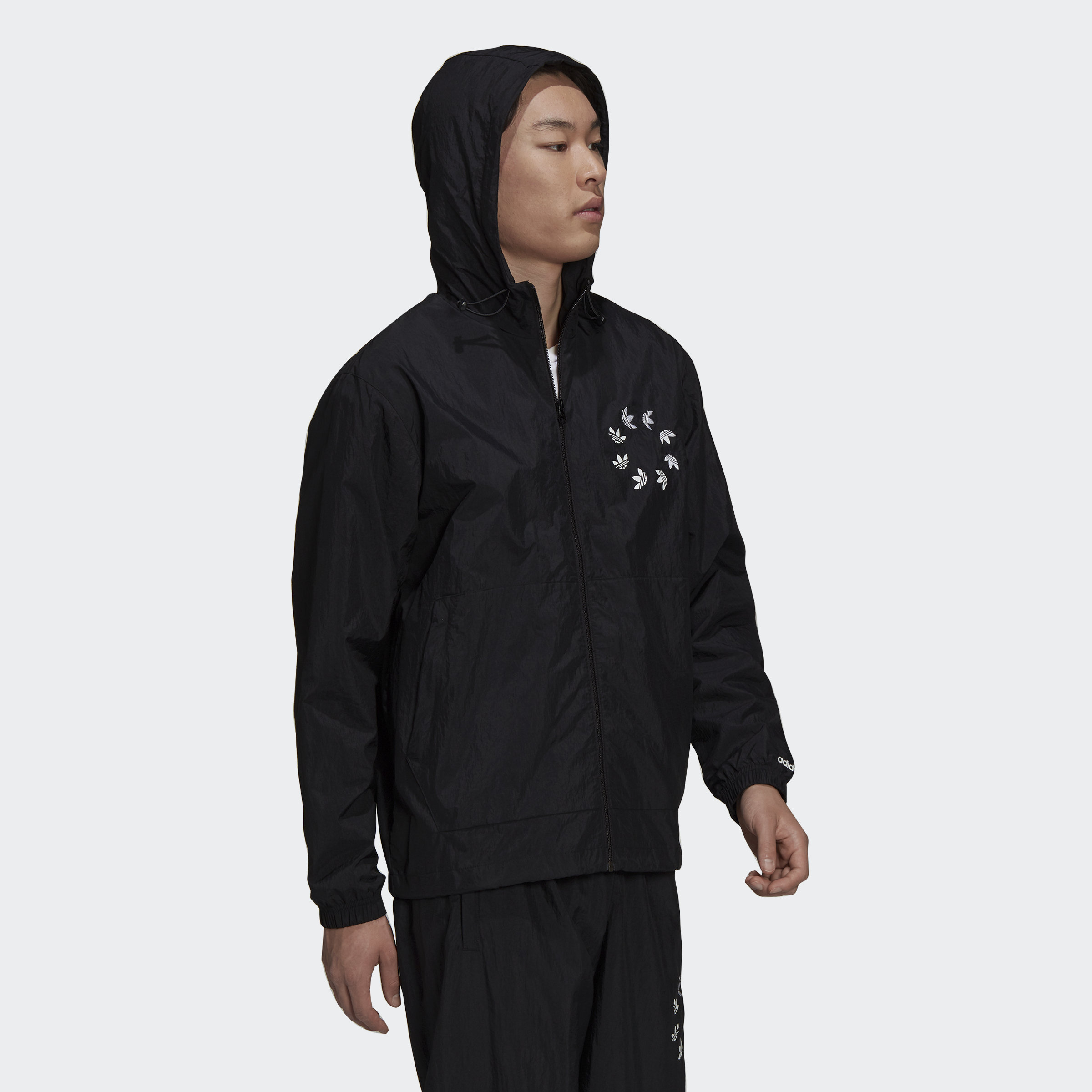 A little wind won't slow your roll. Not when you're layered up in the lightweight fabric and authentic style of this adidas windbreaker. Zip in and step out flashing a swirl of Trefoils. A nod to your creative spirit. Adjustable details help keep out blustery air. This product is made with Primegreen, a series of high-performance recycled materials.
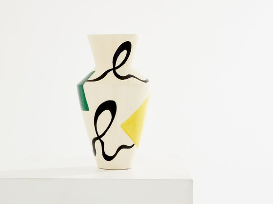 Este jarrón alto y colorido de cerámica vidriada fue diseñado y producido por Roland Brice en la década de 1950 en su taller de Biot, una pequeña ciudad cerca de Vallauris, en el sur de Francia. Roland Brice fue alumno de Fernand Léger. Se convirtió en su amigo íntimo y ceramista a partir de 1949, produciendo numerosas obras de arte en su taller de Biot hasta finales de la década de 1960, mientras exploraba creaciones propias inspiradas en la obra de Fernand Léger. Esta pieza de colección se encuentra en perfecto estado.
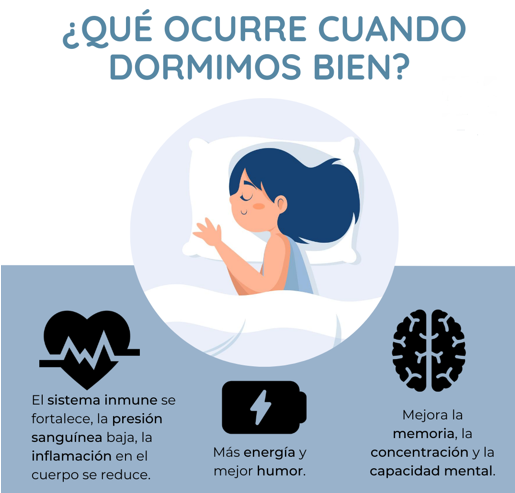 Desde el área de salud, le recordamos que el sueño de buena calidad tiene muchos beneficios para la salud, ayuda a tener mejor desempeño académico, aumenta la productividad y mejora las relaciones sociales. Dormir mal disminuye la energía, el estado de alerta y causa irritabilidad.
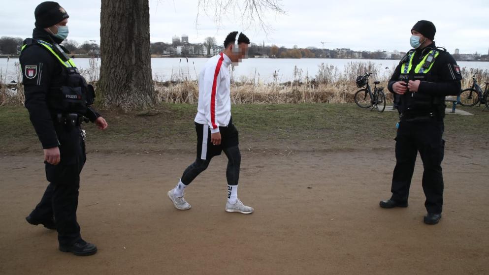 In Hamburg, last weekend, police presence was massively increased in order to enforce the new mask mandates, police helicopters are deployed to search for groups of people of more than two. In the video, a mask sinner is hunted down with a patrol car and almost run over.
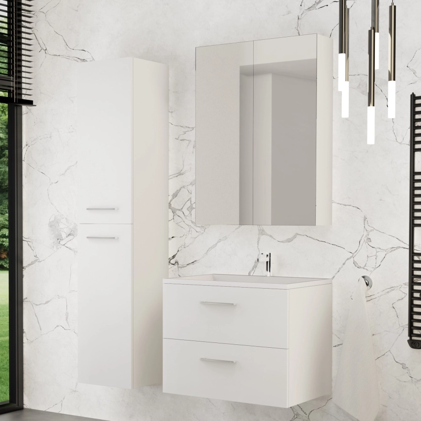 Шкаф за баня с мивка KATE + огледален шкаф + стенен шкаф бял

===

### What is required
Reproduce the whole listing above word for word, dropping each image.

### Solution
 A little wind won't slow your roll. Not when you're layered up in the lightweight fabric and authentic style of this adidas windbreaker. Zip in and step out flashing a swirl of Trefoils. A nod to your creative spirit. Adjustable details help keep out blustery air. This product is made with Primegreen, a series of high-performance recycled materials.
 Este jarrón alto y colorido de cerámica vidriada fue diseñado y producido por Roland Brice en la década de 1950 en su taller de Biot, una pequeña ciudad cerca de Vallauris, en el sur de Francia. Roland Brice fue alumno de Fernand Léger. Se convirtió en su amigo íntimo y ceramista a partir de 1949, produciendo numerosas obras de arte en su taller de Biot hasta finales de la década de 1960, mientras exploraba creaciones propias inspiradas en la obra de Fernand Léger. Esta pieza de colección se encuentra en perfecto estado.
 Desde el área de salud, le recordamos que el sueño de buena calidad tiene muchos beneficios para la salud, ayuda a tener mejor desempeño académico, aumenta la productividad y mejora las relaciones sociales. Dormir mal disminuye la energía, el estado de alerta y causa irritabilidad.
 In Hamburg, last weekend, police presence was massively increased in order to enforce the new mask mandates, police helicopters are deployed to search for groups of people of more than two. In the video, a mask sinner is hunted down with a patrol car and almost run over.
 Шкаф за баня с мивка KATE + огледален шкаф + стенен шкаф бял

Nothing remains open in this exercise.